In this age of information, it is no longer the case that storage costs a bomb like it used to just a few years ago. I remember buying my first hard disk back in 2001, it was a meagre 20 gigabyte hard disk and it cost me close to $200. I bought a harddisk earlier this year, it cost about the same price, but it had a capacity 50 times more.
Lets face it, storage is getting cheaper, and so we allow ourselves to bulk up on even more items that we don't really bother to delete. Imagine one day, suddenly your parents tell you that they are moving to a place 50 times bigger than your house now. All that junk you accumulated in your room would seem insignificant and you could accumulate new junk without throwing the old junk away, even if you didn't need it anymore.
Its not really a sin to do so though.
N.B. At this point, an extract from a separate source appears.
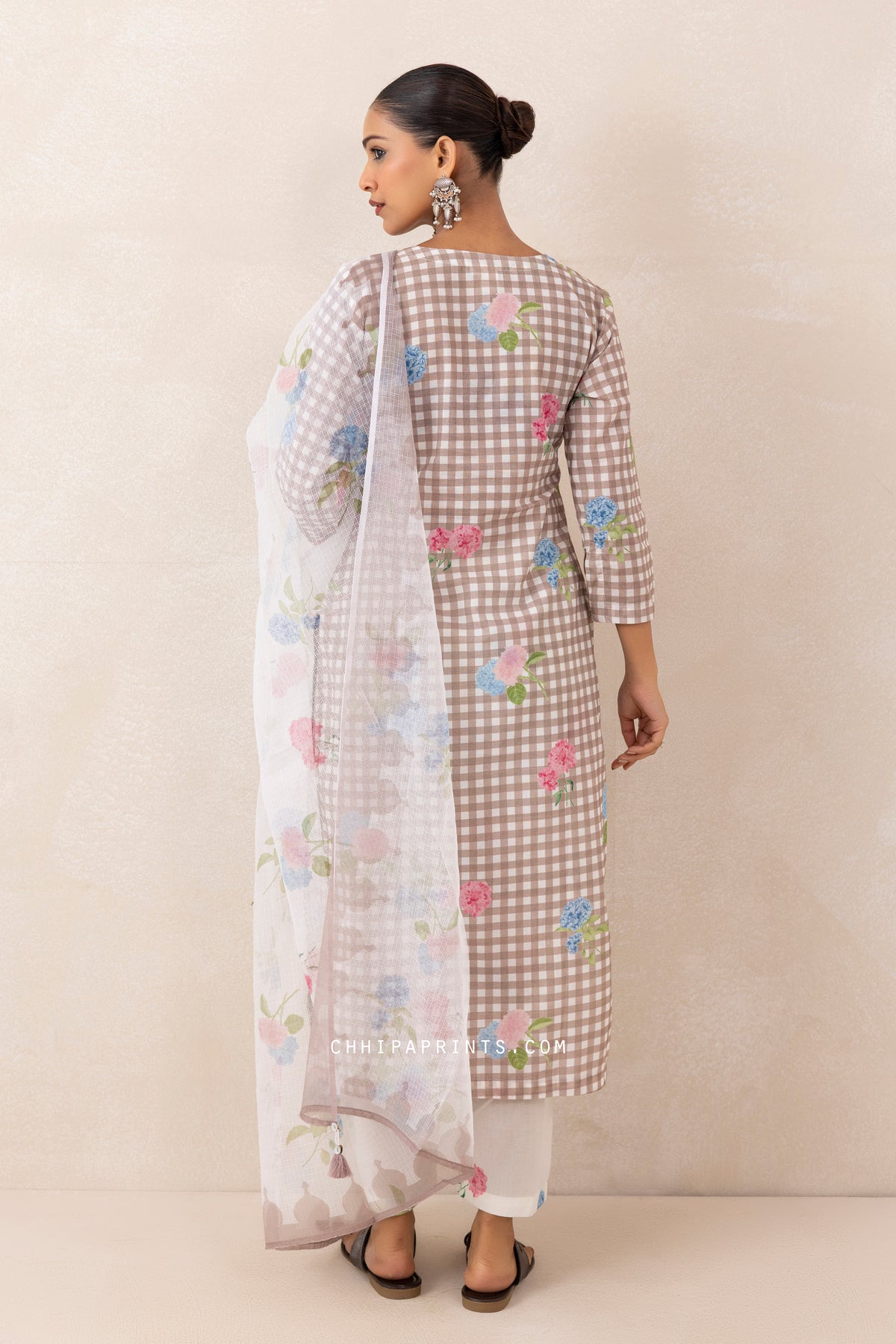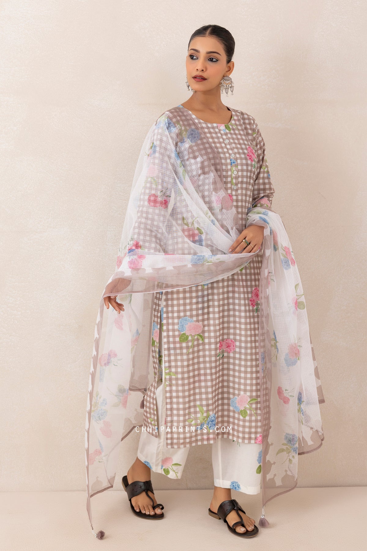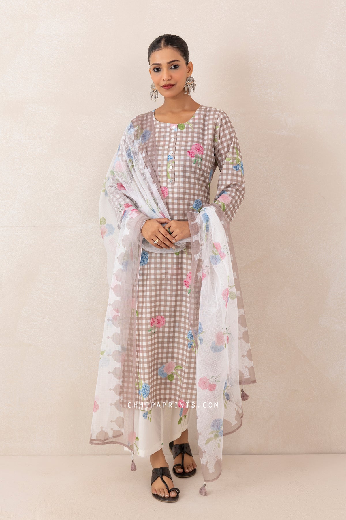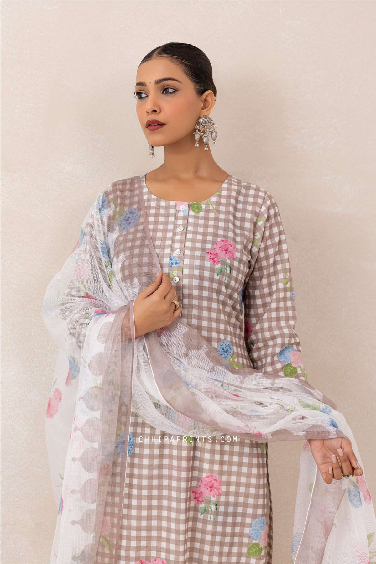 Cotton Gingham Checks Printed Kurta Set in Mushroom Grey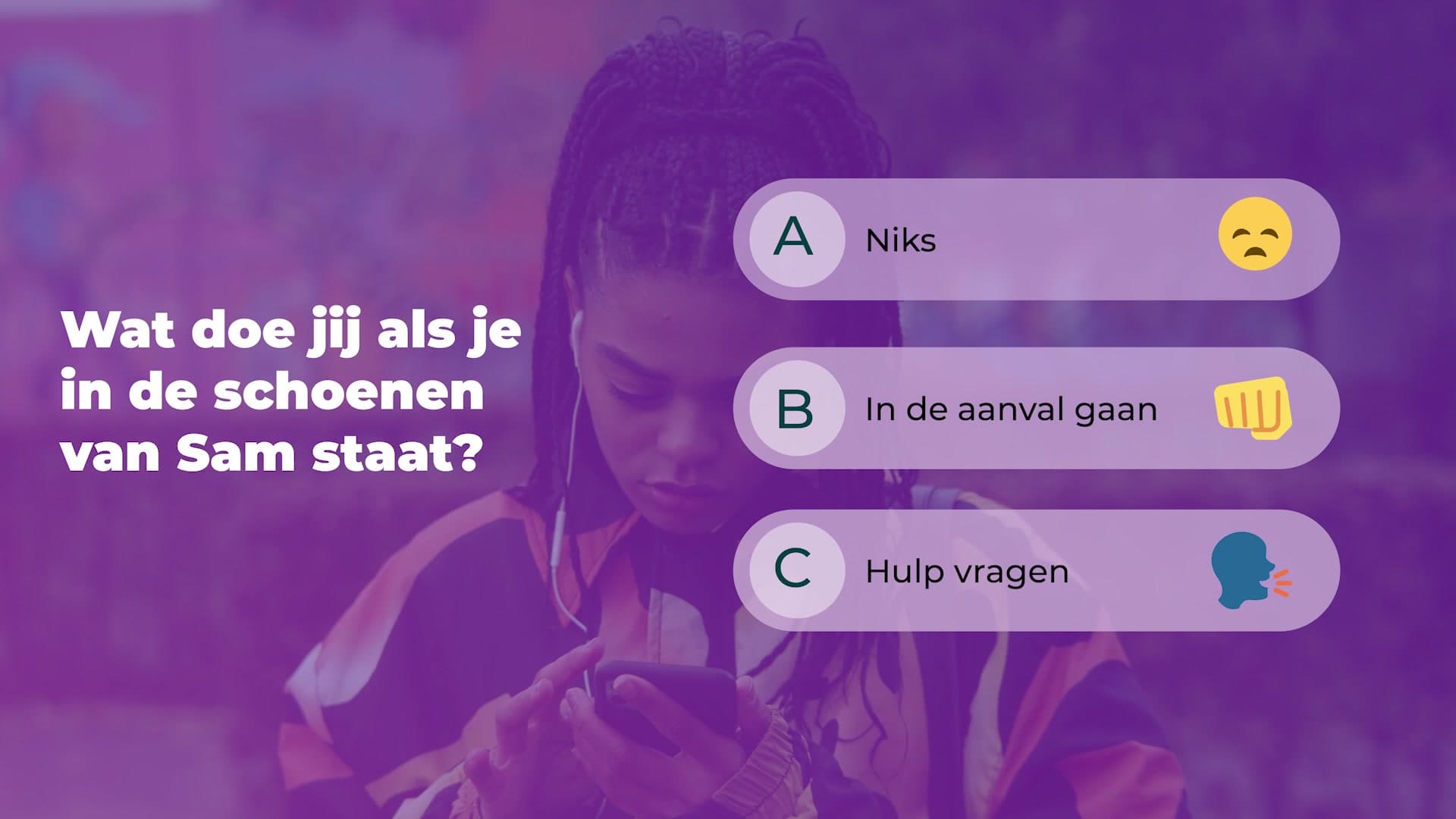 In Act or React, zoals de campagne heet, hebben wij online situaties uit het dagelijks leven van middelbare scholieren nagebootst. Kijkers kunnen daarbij kiezen voor verschillende ‘manieren van reageren’, zodat zij, wanneer ze zelf een keer in zo’n situatie terecht komen, beter weten hoe ze ermee om moeten gaan.

No matter how much junk you store, its still going to be in those few hard disks of yours. Even if you deleted your stuff from your own computer hard disk, it wouldn't make much of a difference to power consumption (the same cannot be said for computer performance!) and you'd still have that computer around for use even if you deleted everything.
However, if you think about it from the point of view of Gmail or Hotmail, this seemingly would turn a little different. Essentially, If you think of your personal hard disk as a HDB flat, mail providers would be like entire blocks of HDB flats, housing not only your data, but data of many others.
And what happens when you fill your house full of that data? Well, they could just tell you that there's no more space and make you throw away all your excess stuff like in the past, but, with so many other free HDB flats offering bigger and bigger rooms, you'd just move someplace else where its bigger. So they upgrade your flat and add a new storeroom. And if everybody did that, they'd constantly need to upgrade so you'll continue to live in it, because they need you for their survival.
Back to the main picture (and no, there's no free HDB flats), what mail companies do to keep up with the increasing space is they buy more and more hard disks to store all your excess, and they usually buy a lot extra, just so it never gets too full. Their monetary losses aside, adding new hard disks costs extra resources and extra energy, essentially a waste since most of it you're keeping might just be junk.
Would you buy a house and pay taxes every month just so that you can house every flyer from the property agent that you get on your doorstep every morning? I doubt so, not unless you're into the paper recycling business.
So take some time to clear out your inboxes once in a while, it helps, seriously. Plus, less clutter means you don't have to sift through pages and pages of emails just to reach the one you desperately needed to reply.